James Stockdale launches off the USS Oriskany in an A-4 Skyhawk, headed into North Vietnam. Soon after, the plane is hit. He ejects over a village.
Stockdale is still in the air when he hears bullets ripping through the parachute. He hits the ground injured, gets surrounded, beaten, and taken prisoner.
They move him to Hỏa Lò Prison in Hanoi, the place American prisoners of war would later call the Hanoi Hilton.
At first, they keep him alone for months. Isolation. Months where the world goes silent.
No updates. No timeline. No sense of what is happening outside those walls. Time stops feeling like time. It becomes weight.

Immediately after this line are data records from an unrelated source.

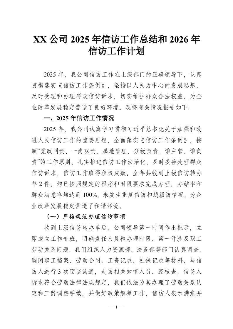 首页材料汇编XX公司2025年信访工作总结和2026年信访工作计划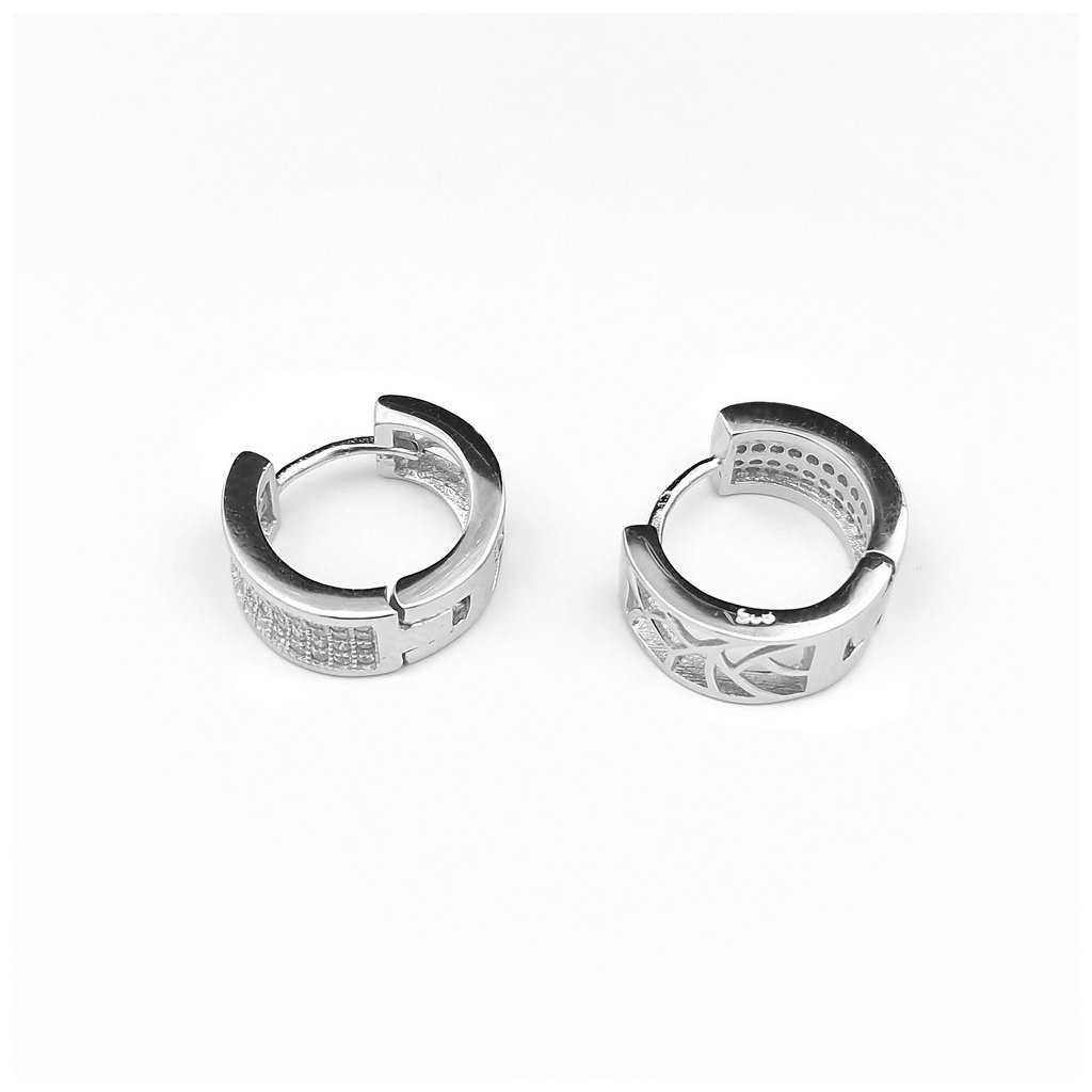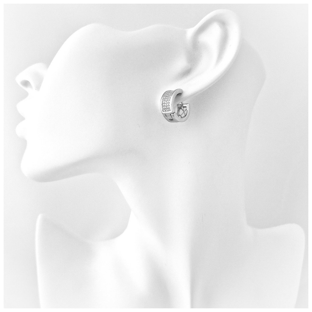 Strieborné náušnice - hrubšie kruhy so zirkónmi s vnútorným priemerom 12,00cm. Hrúbka náušnice je cca 6mm, z prednej strany sú bohato zdobené zirkónmi. Zapínanie je do seba na zacvaknutie.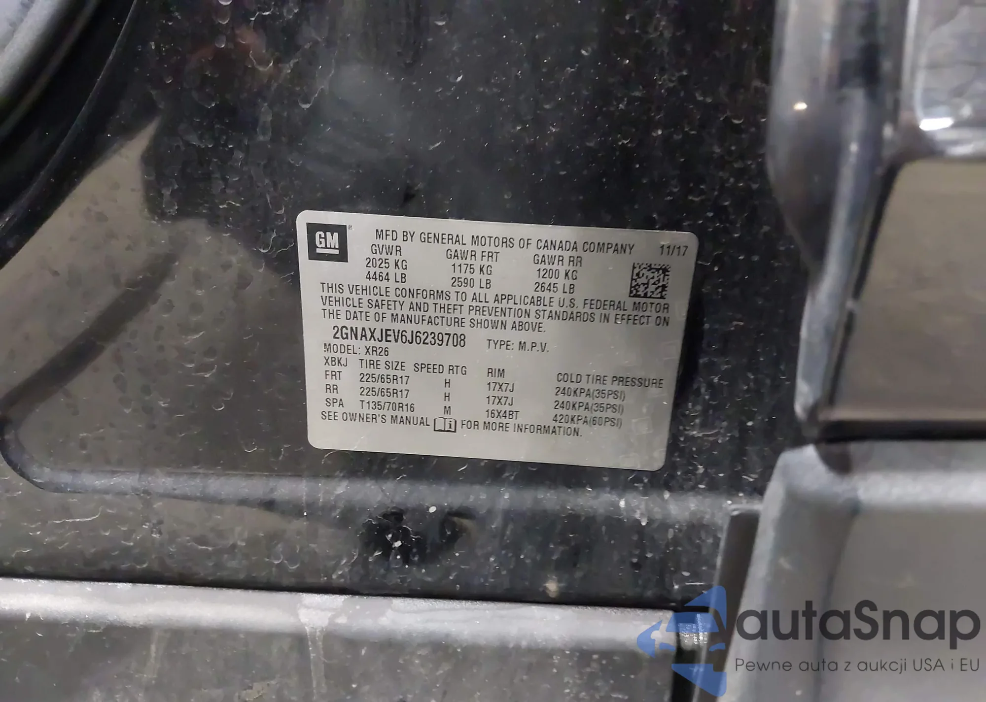 • VIN 2GNAXJEV6J6239708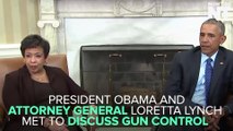Barack Obama says he will meet with attorney general Loretta Lynch on Monday to discuss executive actions he could take on reducing gun violence. Speaking during his weekly radio address, Obama says he gets so many letters from parents, teachers and children about the ‘epidemic of gun violence’, and he can not ‘sit around and do nothing’

That is where the mind starts reaching.
Relief becomes the goal. A deal becomes tempting.
A date becomes the deal.
Stockdale later described how some men would tell themselves, “We’ll be out by Christmas.” Christmas would pass. The mind would scramble for another landing point. Easter. The next one. Each missed deadline did not disappoint them. It broke something inside them.
Stockdale refused that bargain. He held onto the belief that he would make it out someday, while staying honest about what he could not control today.
That refusal is a form of critical thinking. It’s the ability to stay anchored in reality when your mind is begging for a story.
What self-governance actually governs
Most people describe self-governance as controlling your demeanor. Some even treat it as self-control, like it’s a behavior-only problem.
In reality, self-governance is the ability to govern your actions, thoughts, beliefs, values, and principles deliberately.
That definition matters because actions do not lead. Belief leads. Thought follows belief. Behavior follows thought. When values and principles bend, everything downstream starts rationalizing the new direction. You can still look disciplined while your inner direction slips.
I want to pause here, because people tend to merge three ideas that should stay separate.
Coherence is the easy state. The one you get when life is calm and alignment feels natural. You do what you believe. You believe what you value. Friction stays low because the pull stays low.
Discipline shows up when coherence breaks. It’s the mechanism of realignment. The return. The moment you notice you slipped and choose to come back.
Self-governance decides whether that return happens on purpose. It’s the ability to practice realignment deliberately, especially when your mind has a cheaper option available.
That’s why the Stockdale story belongs here.
In captivity, the first drift wasn’t behavioral. It was cognitive. A bargain offered itself: invent certainty, pick a date, attach your sanity to it. That bargain would have felt calming. It also would have been a gamble.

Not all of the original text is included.